Once you try them, they're sure to become a regular in your healthy dinner rotation.

Low Carb Chicken Enchiladas (High Protein & Gluten-Free)
Equipment
- 1 Skillet
Ingredients
For the Chicken Filling
- 1 lb cooked chicken breast ,shredded (rotisserie or poached)
- 1 teaspoon olive oil
- ½ small onion ,finely diced
- 1 jalapeno ,de-seeded, finely chopped (optional)
- 2 cloves garlic ,minced
- 1 teaspoon ground cumin
- 1 teaspoon chili powder
- ½ teaspoon smoked paprika
- ½ teaspoon dried oregano
- Salt & black pepper ,to taste
- ¼ cup low-carb enchilada sauce ,or sugar-free store-bought
For the Enchiladas
- 6 almond flour tortillas (6-7 inch)
- ¾ cup low-carb enchilada sauce ,divided
- 1 cup reduced-fat shredded Mexican blend cheese ,or part-skim mozzarella + cheddar mix; plus more for the topping
- 2 tablespoon fat free cream cheese
- ¼ cup chopped bell peppers or zucchini optional
For Greek Yogurt Sauce: (optional, replace sour cream)

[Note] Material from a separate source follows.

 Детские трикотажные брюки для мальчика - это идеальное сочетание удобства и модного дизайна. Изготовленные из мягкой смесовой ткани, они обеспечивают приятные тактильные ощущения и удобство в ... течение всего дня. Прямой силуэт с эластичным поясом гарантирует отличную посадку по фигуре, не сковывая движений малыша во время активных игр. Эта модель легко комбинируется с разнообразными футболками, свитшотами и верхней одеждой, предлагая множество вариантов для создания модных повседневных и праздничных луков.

- ¼ cup Greek Yogurt ,blended smooth
- 1 lime juice , to taste
- salt to taste
Toppings (optional):
- Fresh cilantro ,pickled jalapeno, or green onions
Instructions
- Preheat oven to 375°F (190°C). Lightly grease a small baking dish (8×8 works great).
Make the filling:
- Heat olive oil in a skillet over medium heat. Sauté onion for 2–3 minutes until soft. Add garlic and cook 30 seconds.

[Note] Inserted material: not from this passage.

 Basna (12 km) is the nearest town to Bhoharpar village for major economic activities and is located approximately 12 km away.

- Stir in cumin, chili powder, paprika, oregano, salt, and pepper. Add shredded chicken and mix well.
- Turn heat to low. Stir in cream cheese and ¼ cup enchilada sauce until creamy. Remove from heat.
Assemble the Enchiladas:
- Warm almond flour tortillas slightly on a skillet (or microwave 10-15 seconds so they don't crack).
- Lightly grease a baking dish and spread a thin layer of enchilada sauce on the bottom.

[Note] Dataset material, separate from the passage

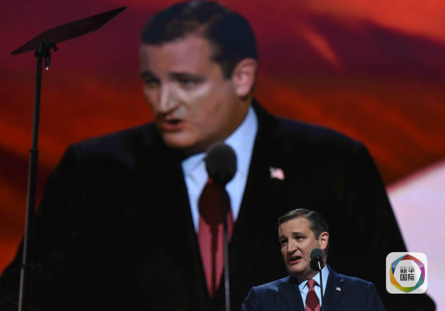 7月21日,美国国会参议员特德·克鲁兹在共和党全国代表大会上讲话。(新华社记者殷博古摄)

- Lay one almond flour tortilla flat, spread 1-2 tablespoons of enchilada sauce evenly over the tortilla.
- Fill each tortilla with about ⅓ cup chicken mixture, sprinkle with a little cheese, roll tightly, and place seam-side down in the dish.
Bake:
- Pour remaining ½ cup enchilada sauce over the tortillas. Sprinkle evenly with remaining cheese.
- Bake uncovered for 18-22 minutes, until bubbly and lightly golden.
- Rest 5 minutes, then garnish with cilantro, green onions, or a dollop of Greek yogurt sauce.
- (Optional) In a small bowl, whisk together Greek yogurt, fresh lime juice, and a pinch of salt until smooth and creamy. Use this mixture in place of sour cream and serve alongside the enchiladas.
Notes
- Sour Cream Substitute: Greek yogurt mixed with lime juice and salt gives the same tangy, creamy finish with extra protein and fewer carbs.
- Chicken Options: Use rotisserie chicken breast, leftover grilled chicken, or shredded chicken.
- Tortillas: Warm almond flour tortillas slightly before filling to prevent cracking.
- Cheese: Reduced-fat cheese keeps the dish lighter, but full-fat works if preferred.
- Make It Spicy: Add chopped jalapenos or a pinch of cayenne to the chicken mixture.
- Serving Tip: Serve with extra yogurt-lime sauce and pico-de-gallo on the side.
Nutrition
Disclaimer
Nutrition values are my best estimates. If you rely on them for your diet, use your preferred nutrition calculator.